Texas also has a long history with gold, Bitcoin’s traditional market rival.

“Texas has proven to be the cornerstone of government adoption of Bitcoin, starting with laws allowing legal custody regulations similar to the gold storage laws that are well established here,” said Nik Bhatia, founder of The Bitcoin Layer.

When it comes to storing physical gold, Texas has clear rules on storage and ownership, and even the language used (vaults, custodians) helps grease the wheels for crypto assets at the state level. Texas Bullion Depository The 2015 law allowing the storage of bullion and precious metals at the state level has been adapted to apply specifically to digital assets such as Bitcoin. The Texas Bullion Depository was the first government-run precious metal depository in the country.

Texas has not purchased any on-chain bitcoin. Texas bought a stake in a bitcoin ETF — the largest bitcoin ETF worth about $5 million — after passing legislation to create a strategic bitcoin reserve that gives the state comptroller the authority to hold the cryptocurrency. Black Rock iShares’ Bitcoin Trust (IBIT), since its launch in January 2024, assets under management have grown to over $72 billion.

The Comptroller’s office made the purchase on the morning of November 20, 2025, when the price of a single Bitcoin was $91,336. As of Saturday morning bitcoin It was trading just above $95,000.

Bhatia said approval of bitcoin ETFs by the SEC is crucial to the state’s plans to get comfortable with assets under existing U.S. securities law. “Using ETFs is a very clean and safe way to invest in Bitcoin by minimizing storage logistics risk and opting for security law protection,” Bhatia said.

Texas state officials announced this purchase, in which only half of the $10 million allocated by the United States was used. Texas Strategic Bitcoin Reserve — as a “placeholder” while providing security and storage for raw bitcoin.

Cryptocurrency’s transition into core government finance and budgeting

In addition to the concept of reserve funds, governments are bringing crypto into core finance functions in an approach that balances the inherent fear of entering new areas with the desire to be part of the fast-moving crypto world.

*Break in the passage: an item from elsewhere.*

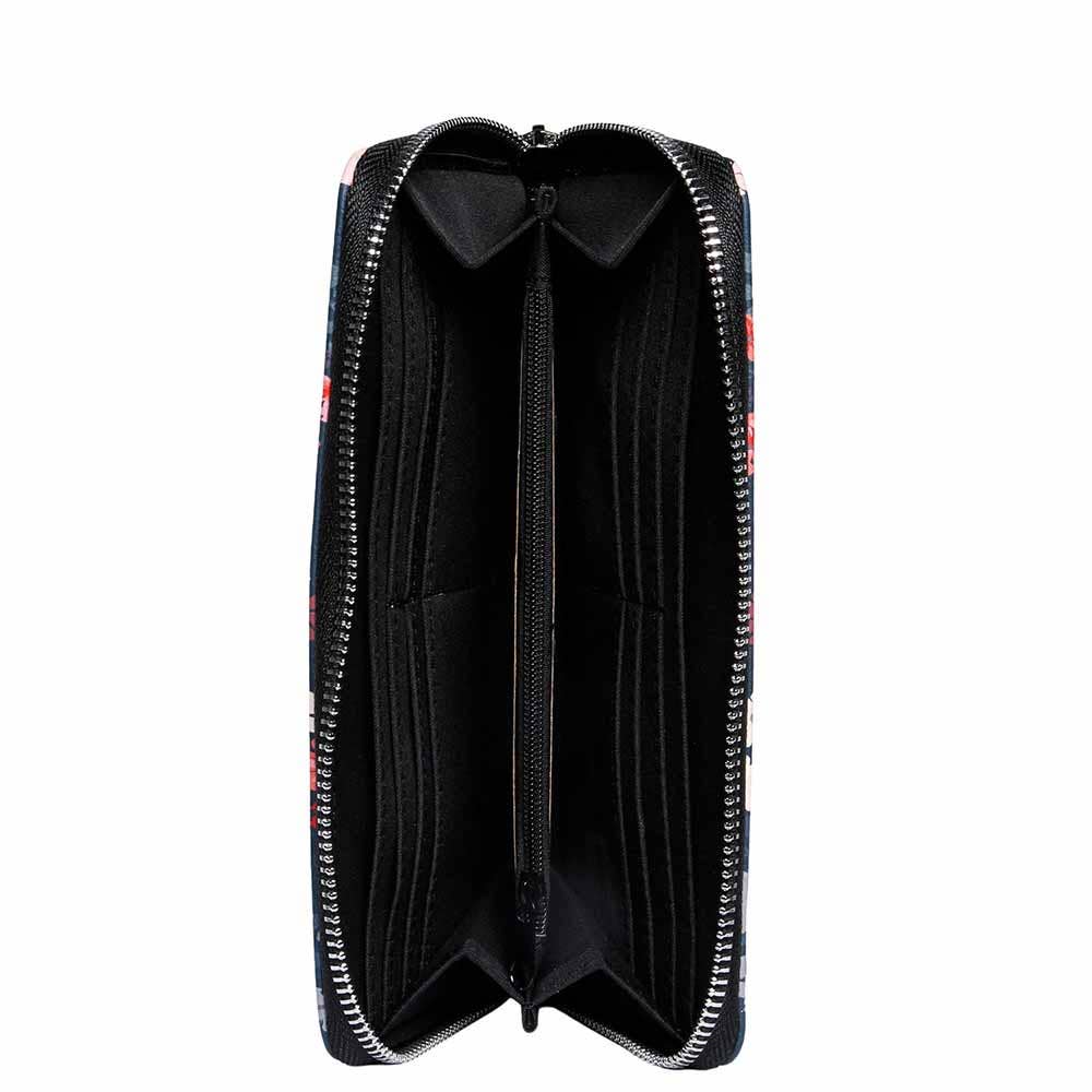 Portefeuille avec 12 compartiments pour cartes de crédit, 2 compartiments pour les billets et un compartiment central pour la monnaie fermé par un zip.
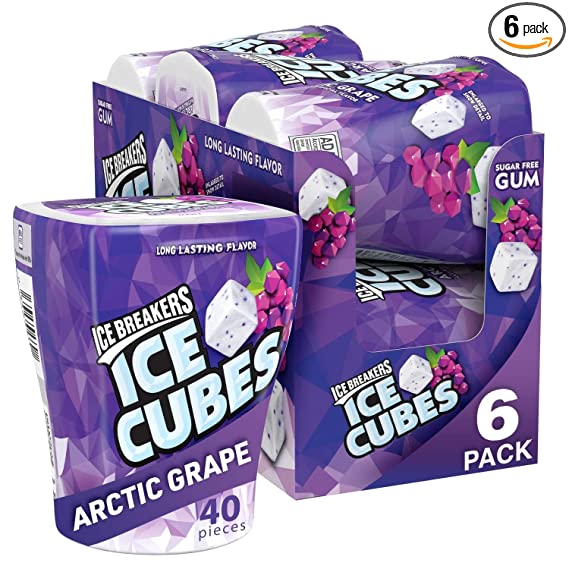 ICE BREAKERS ICE CUBES ARCTIC GRAPE With Cooling Crystals, Made with Xylitol Sugar Free Chewing Gum Bottles, 3.24 oz (6 Count, 40 Pieces)

New Hampshire, for example, became the first state to approve the issuance of this document. bitcoin backed municipal bond Last November, a $100 million issuance took place, the first time cryptocurrency was used as collateral in the U.S. municipal bond market. The deal has not yet materialized, but it is planned to happen this year. “The idea is that they will use bitcoin to support a municipal bond issue, the proceeds of which will then be split into loans to smaller governments for economic development projects across the state,” Marlowe said. Repayment of these loans will enable the fund to be recapitalized.

This is a creative evolution in state finances, but according to Marlowe, like most state-level crypto development mechanisms, it uses existing fiscal structures and state goals; with similar public bonds used in previous years for projects such as clean water, school improvements and other infrastructure. “What is different here is that Bitcoin is used as collateral instead of taxpayer dollars,” he said.

In many states, including, Colorado, UtahAnd Louisianacrypto is now accepted as payment for taxes and other government business. As more state public finance crypto efforts develop, this shift represents a shift in the underlying philosophy of security and liquidity that has dominated investments by state and local funds for centuries.

In recent years, assets including real estate and private equity have broadened the investment approach of public funds; but crypto represents not only the newest addition, but also the most volatile.

“For many in the state/local investment industry, crypto-backed assets are still too speculative and volatile for public money,” Marlowe said. “But others, and I think there’s sort of a generational shift in the works, actually see this as a decent store of value that’s stronger in terms of a lot of other public sector values ​​like transparency and asset integrity,” he added.